You’d be forgiven for interpreting the title of Keralino Sandorovich’s latest film, Crime or Punishment?!? (2011) as a mistranslated contemporary adaptation of Fyodor Dostoyevsky’s novel about the moral consequences of murder on the human soul. However, whilst Sandorovich’s film is an archetypal example of the quirky comedic output we’ve grown to expect from Japan, it does touch on some interesting themes of guilt, ill-advised infatuation and judicial justice – all told through an abundance of jokes based on bodily fluids and sexual desire.

Ayame (Riko Narumi) is an unsuccessful glamour model, living in the imposing shadow of her former best friend and rival cover girl Momo (Sakura Ando). Ayame gets her big break with a photo-shoot for a well known ‘girly’ magazine, however on its release she’s devastated to discover that her photos have not only been resigned to the back pages but have been printed upside down.

After attempting to steal the magazine from a local newsagent, Ayame is quickly caught. Her punishment is a rather unconventional twist on community service, as she is forced to become police chief for a day. It’s a role she assumes will be purely a PR stunt, however, when the station staff start looking to her for orders she soon realises she’s in deeper than she initially expected – add to this the appearance of her teenage crush, Haruki (Kento Nagayama), a serial killer of women, who’s now a police detective (!?) and Ayame is faced with perhaps the most challenging day of her life.

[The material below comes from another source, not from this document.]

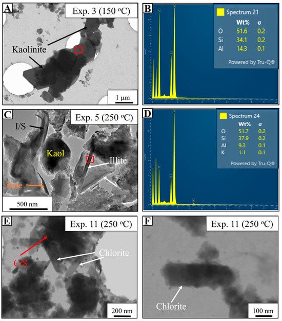 SEM and EDS analyses of low-temperature experiments (Experiments 1 and 2) show minimal changes in detrital grain distribution, with no significant mineralogical transformations observed (Figure 7A). However, SEM reveals the disaggregation and partial dissolution of aggregated detrital grain coats in Exp. 2 (Figure 7A). During Exp. 3 (150 °C), smectite precipitates adjacent to kaolinite platelets, forming incipient crenulated to honeycomb morphologies (Figure 7B). These newly formed smectite coatings develop further in Exp. 4 (200 °C), displaying improved internal structures and crystallinity (Figure 7C). Illitization of smectite begins in Exp. 4 and progresses into Exp. 5 (250 °C). SEM shows the replacement of smectite by mixed-layer illite/smectite and eventually illite, which retains the honeycomb morphologies of smectite but develops spiny terminations characteristic of illite (Figure 7D,E). EDS confirms that the newly formed illite is dominated by Si, O, Al, and K, with minor Fe (Figure 7F). STEM analyses further identify pseudohexagonal kaolinite, smectite, and illite in Exp. 5 (Figure 8).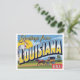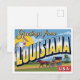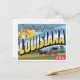 This charming, retro-style design captures the unique culture of the Pelican State. It features the classic "Greetings from LOUISIANA" typography set against a scene showcasing a horse-drawn carriage (suggesting New Orleans' French Quarter) and a large white bird, like the state's iconic pelican. This artwork perfectly blends the state's historical charm and coastal wildlife. Perfect for fans of vintage travel posters, retro artwork, Southern history, and the vibrant culture of New Orleans and the Bayou.

Crime or Punishment?!?’s fractured narrative takes a while to align itself, resulting in what first appears like little more than an autistic script of needlessly crass and over elaborate set pieces with little or no correlation. Indeed, Sandorovich’s movie feels less like a film but rather an uncontrollable concoction of various generic ingredients of quirky Japanese cinema which, whilst initially seeming totally unappetising, thankfully through either some subtle directing skills, or perhaps just blind luck, all boil over into a deranged by thoroughly enjoyable climax.

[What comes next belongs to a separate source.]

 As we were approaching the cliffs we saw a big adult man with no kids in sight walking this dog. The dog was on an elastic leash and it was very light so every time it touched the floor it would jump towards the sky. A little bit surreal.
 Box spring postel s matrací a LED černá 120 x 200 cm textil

Narumi as the film’s introverted protagonist is incredibly affable yet somehow seems uncomfortable taking on such a comedic role. Whilst all around her seem perfectly comfortable to throw caution to the wind and rely upon exaggerated physical performances to convey their lines, Narumi’s restrained and reserved approach seems ill-fitting with Sandorovich’s eccentric direction, yet inadvertently her performance creates the stable foundations which allow the film’s wayward script the opportunity to meander before ultimately returning to reality once finally tiring of such hyperactive excursions.

Crime or Punishment?!? is a clear-cut ‘love it or hate it’ film. Fans of wildly elaborate Japanese cinema (and unnecessary urine-based humour) will no doubt become besotted with it, however those who struggle to translate the intrinsically Eastern humour will find an incoherent and wearisome viewing experience.